*** Opening GIVEN INFORMATION ***

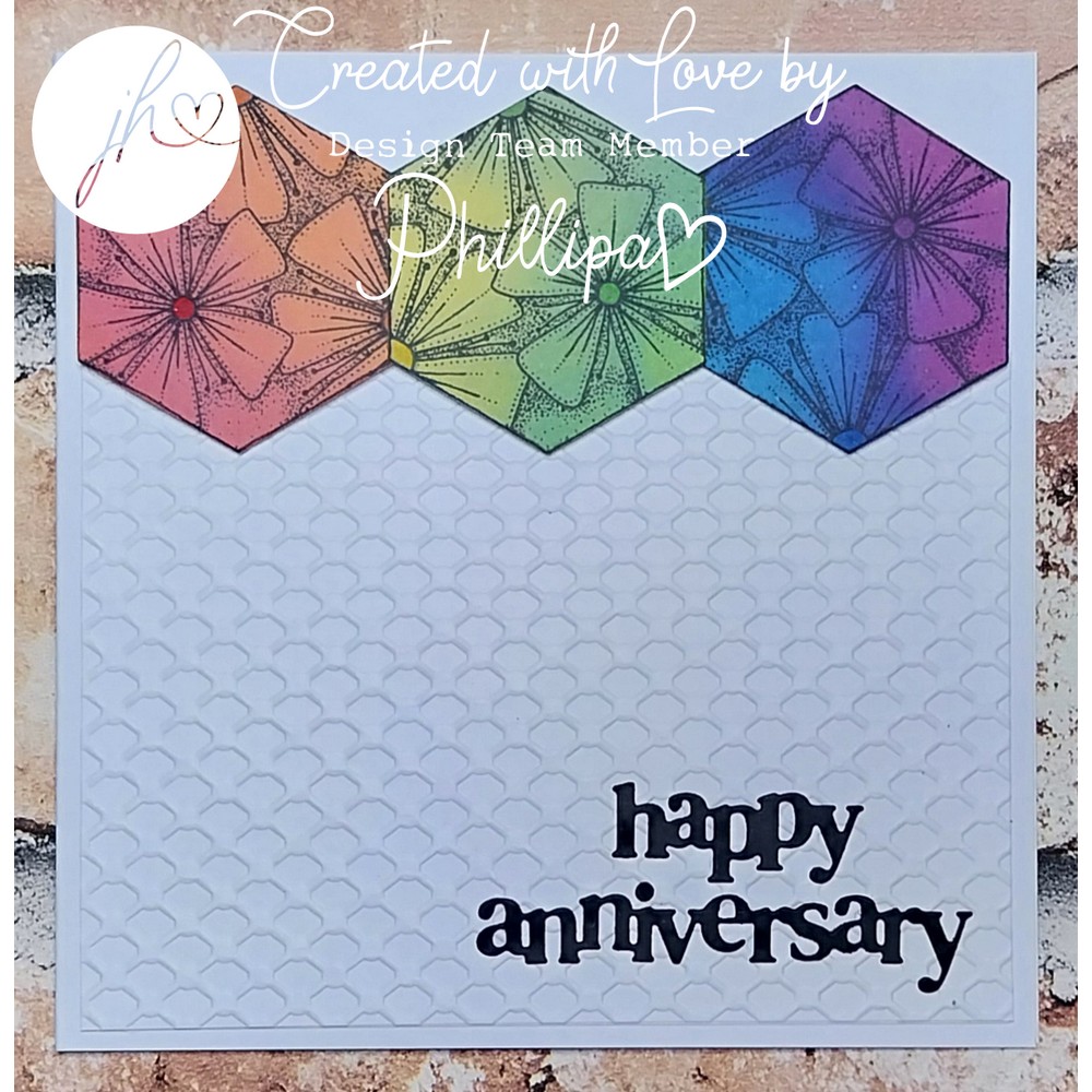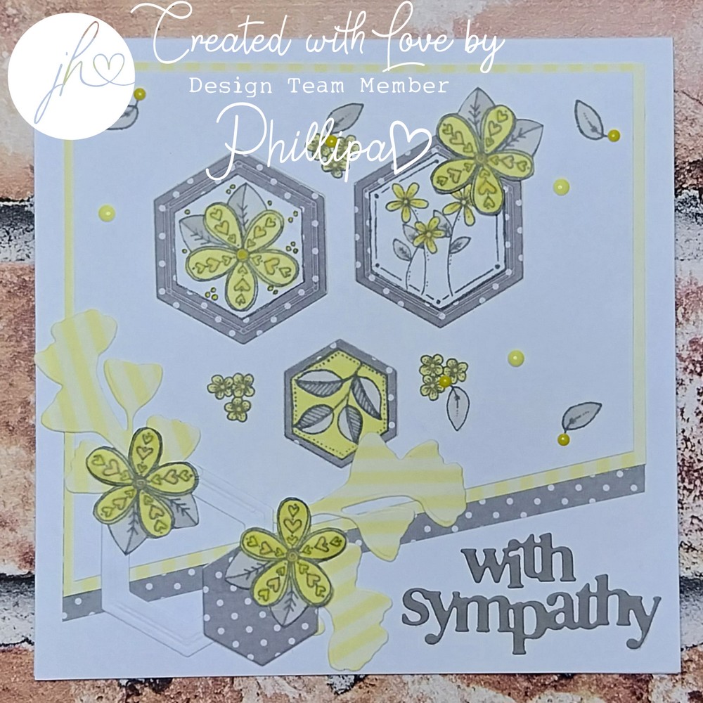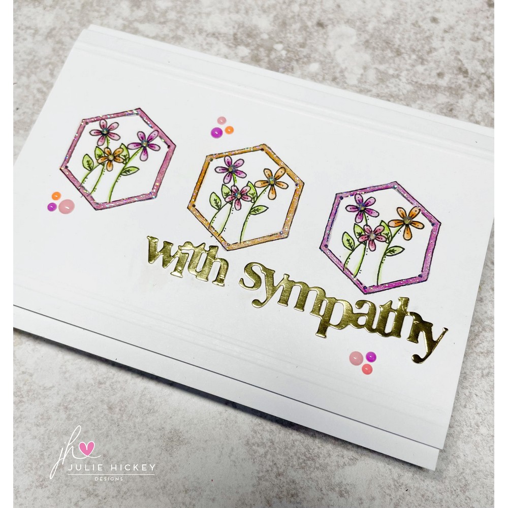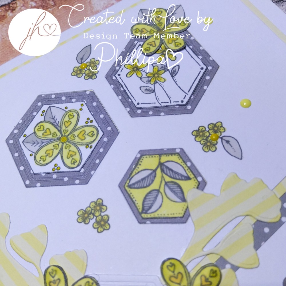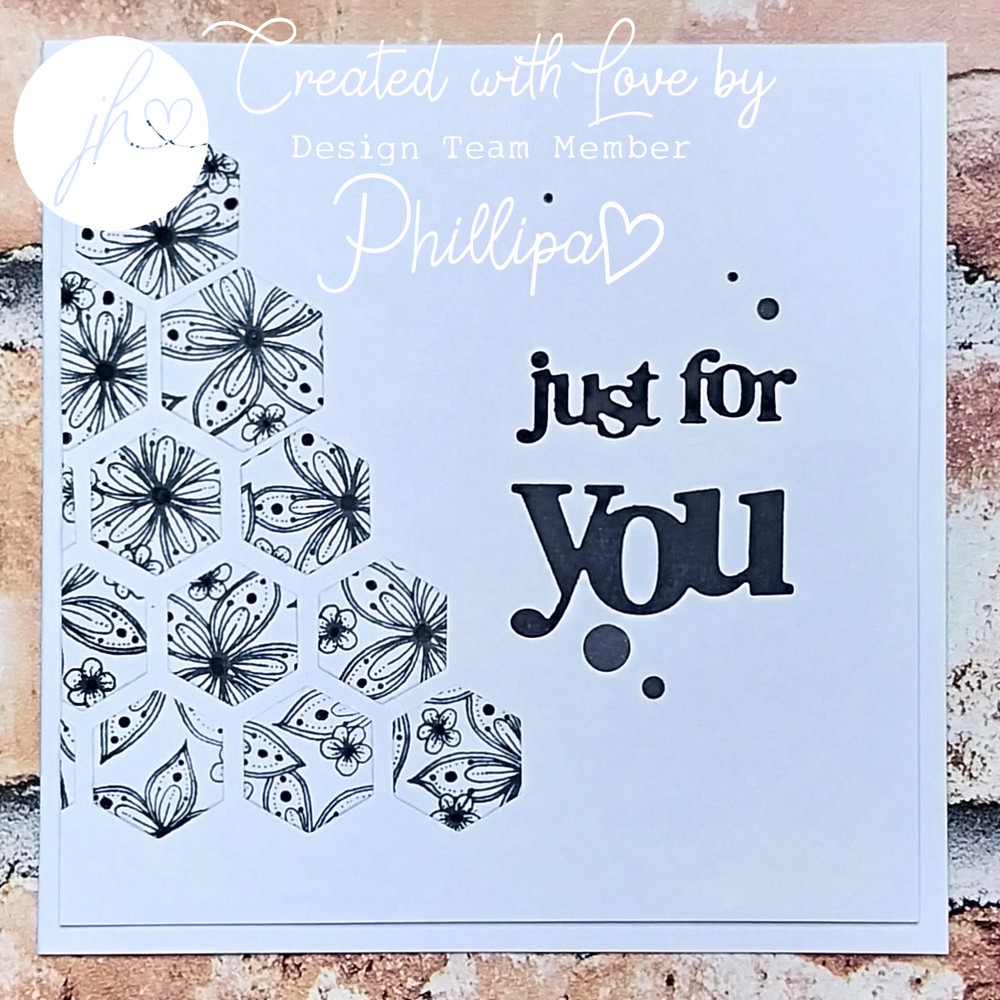 10 individual stamps featuring beautiful contemporary hand drawn blooms in Julie’s signature style. 5 different sized hexagon filled with blooms and leaves. 5 small individual designs including single daisy, cluster of daisy heads and 3 different leaf designs. These stamps co-ordinate perfectly with my Dinky Hexagon Die Set (JHD-CUT-1032), so you can stamp and die cut the image.
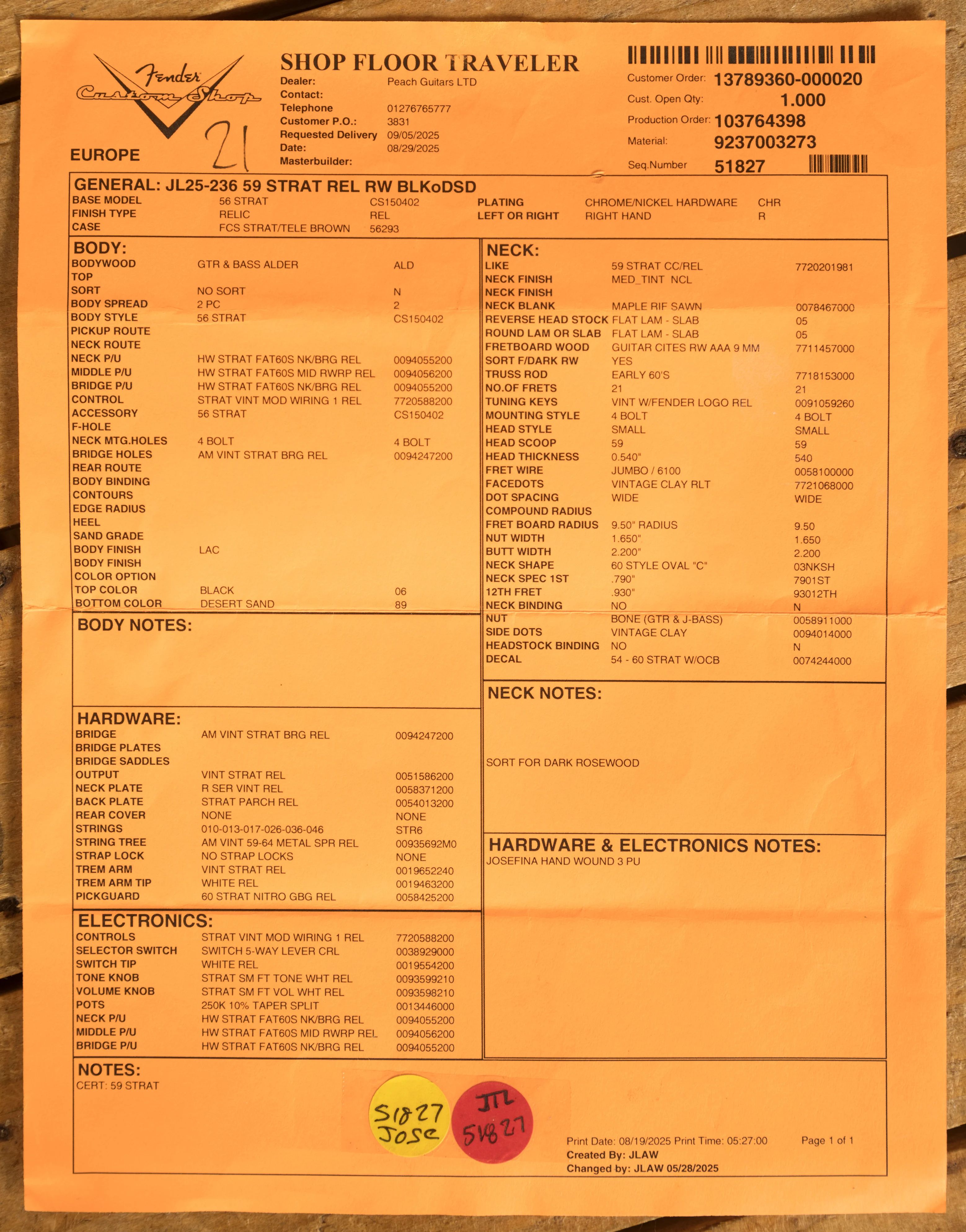 An Alder body is finished in a super cool Black/Desert Sand, one of Fender's most iconic finishes, it's a real beauty! Authentically aged, this finish will wear beautifully with time and develop its own character even further. The thin nitro finish also allows the natural resonance of the body to sing and sustain much more effectively and with the relicing you also get that road-worn, look without any actual damage to the guitar.
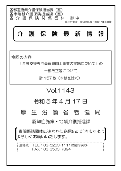 【厚生労働省】「介護支援専門員資質向上事業の実施について」の一部改正等について(介護保険最新情報Vol.1143)

*** Closing GIVEN INFORMATION ***

Begin with the line containing "An Alder body" and end with the last line of the material above; return exactly those lines, both ends included, and omit all pictures.

 An Alder body is finished in a super cool Black/Desert Sand, one of Fender's most iconic finishes, it's a real beauty! Authentically aged, this finish will wear beautifully with time and develop its own character even further. The thin nitro finish also allows the natural resonance of the body to sing and sustain much more effectively and with the relicing you also get that road-worn, look without any actual damage to the guitar.
 【厚生労働省】「介護支援専門員資質向上事業の実施について」の一部改正等について(介護保険最新情報Vol.1143)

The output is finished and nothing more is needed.